- _Data excerpt_
+===+

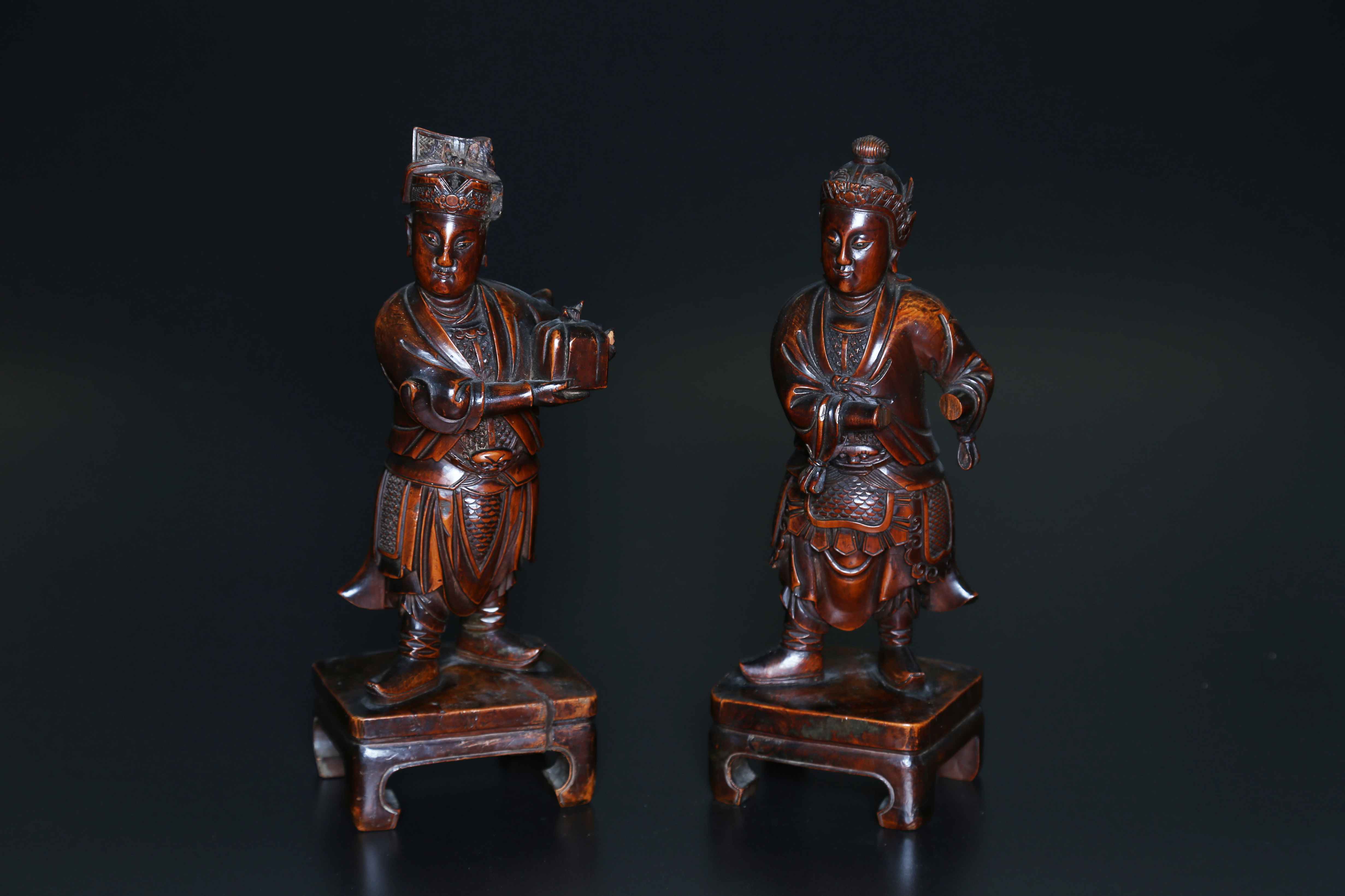 Arte Cinese Coppia di sculture in legno raffiguranti guerrieri
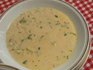 Обсмажте цибулю разом з підсмаженим тістом, потім через деякий час додайте петрушку. Розвести літром молока і такою ж кількістю води. Приправляємо сіллю, паприкою і меленим перцем, кип'ятимо і подаємо зі сметаною.
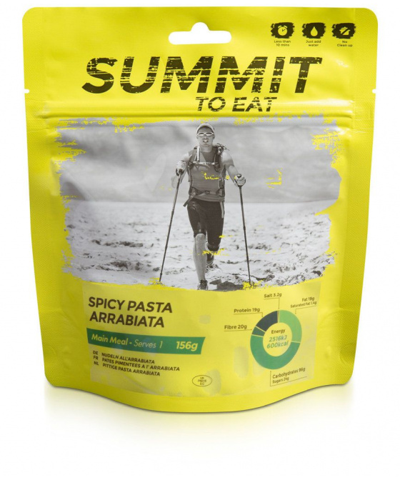Pochutnejte si na vynikajících pikatních těstovinách Arrabiata. Oblíbené těstoviny v pikantní rajčatovo-česnekové omáčce, vhodné i pro vegetariány, představují plnohodnotné teplé jídlo pro jakékoliv kempování nebo dobrodružství v horách.

+===+

- _What the exercise asks_
Please quote the lines of the material, beginning with the first and ending with the one that contains "Обсмажте цибулю разом", exactly as written and without any pictures.

- _Output_
 Arte Cinese Coppia di sculture in legno raffiguranti guerrieri
 Обсмажте цибулю разом з підсмаженим тістом, потім через деякий час додайте петрушку. Розвести літром молока і такою ж кількістю води. Приправляємо сіллю, паприкою і меленим перцем, кип'ятимо і подаємо зі сметаною.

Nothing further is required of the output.